VAT Betting and Gaming Guidance

Remote gambling: spread betting

What is spread betting?

Spread betting started as a way of speculating on financial instruments and has developed as a new way of betting on the outcome of a sporting event. Consequently all spread betting - financial and sporting - is subject to investment regulation and is regulated by the Financial Services Authority.

There are three basic categories into which bets fall:

  • total bets
  • supremacy bets
  • index bets.

Total bets are decided by the totals of certain numbers in sporting events such as runs in cricket, goals in football, points in rugby or shots in golf.

For example: How many runs will England score in their first innings against Australia?

The spread betting firm might quote 280 - 300 runs (that is the spread). This means that they think England will score between 280 and 300 runs. If the punter thinks that England will get more than 300, he ‘buys’ at the top of the spread, i.e. at the 300 mark. If, on the other hand, he thinks England will get nearer 200 runs, then he or she ‘sells’ at the lower end of the spread, i.e. the 280 mark.

The punter specifies his or her unit stake when making the bet, i.e. in this case the amount per run. The punter might buy at £2 per run at 300. This means that for every run above 300 that England score, the punter wins £2. If England make 400 runs, the punter wins (400-300) x £2 = £200. However, for every run that England make fewer than 300, the punter loses £2. If England only get 200 runs, the punter loses (300-200) x £2 = £200.

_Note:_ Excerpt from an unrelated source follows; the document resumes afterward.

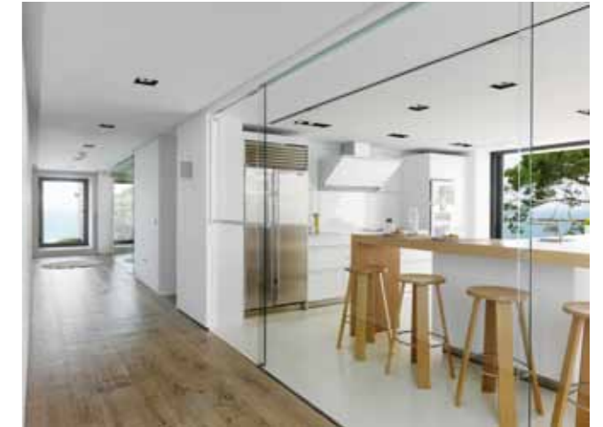
De många glasväggarna gör att huset känns öppet och inbjudande.

PÅ ÖVERVÅNINGEN , som är konstruerad som en kub, ligger husets master bedroom. Här har husets ägare en avskild plats att dra sig tillbaka till, en plats som föga förvånande är inredd helt i vitt. Undantaget är badrummet, där den vackra och mörka vulkanstenen basalt täcker väggarna. I barnflygeln, som förutom badrummet är den enda delen av huset där väggarna inte är helt vita, finns sovrum och ett lekrum för de små. Slutligen finns en del för gäster, belägen på bottenvåningen med utsikt över swimmingpoolen. Gästrummens golv är av samma material som området utanför, vilket gör att insidan integreras med poolområdet.

If, instead, the punter thought England would do badly, he or she could sell for £2 per run at 280. So for every run below 280 that England score, the punter wins £2. A final score for England of 200 brings the punter a profit of (280-200) x £2 = £160. But every run over 280 loses the punter £2. If England score a total of 400, then the punter loses (400-280) x £2 = £240.

The key difference between spread betting and fixed odds betting is that in spread betting the punter’s stake - in this case £2 - is not the limit of his financial risk. The punter can win or lose an amount which is many times the original stake.

Supremacy bets mean that the interest is not on who will win, but by how much. Bets are generally on the margin of victory or supremacy of one team, player or performer over another.

Index bets mean that where points, runs, goals and lengths are not suitable to measure success, an index can be created which allows prices to be offered on a variety of other sporting events. A different number of points will be awarded to the winner, runner-up, third place and so on.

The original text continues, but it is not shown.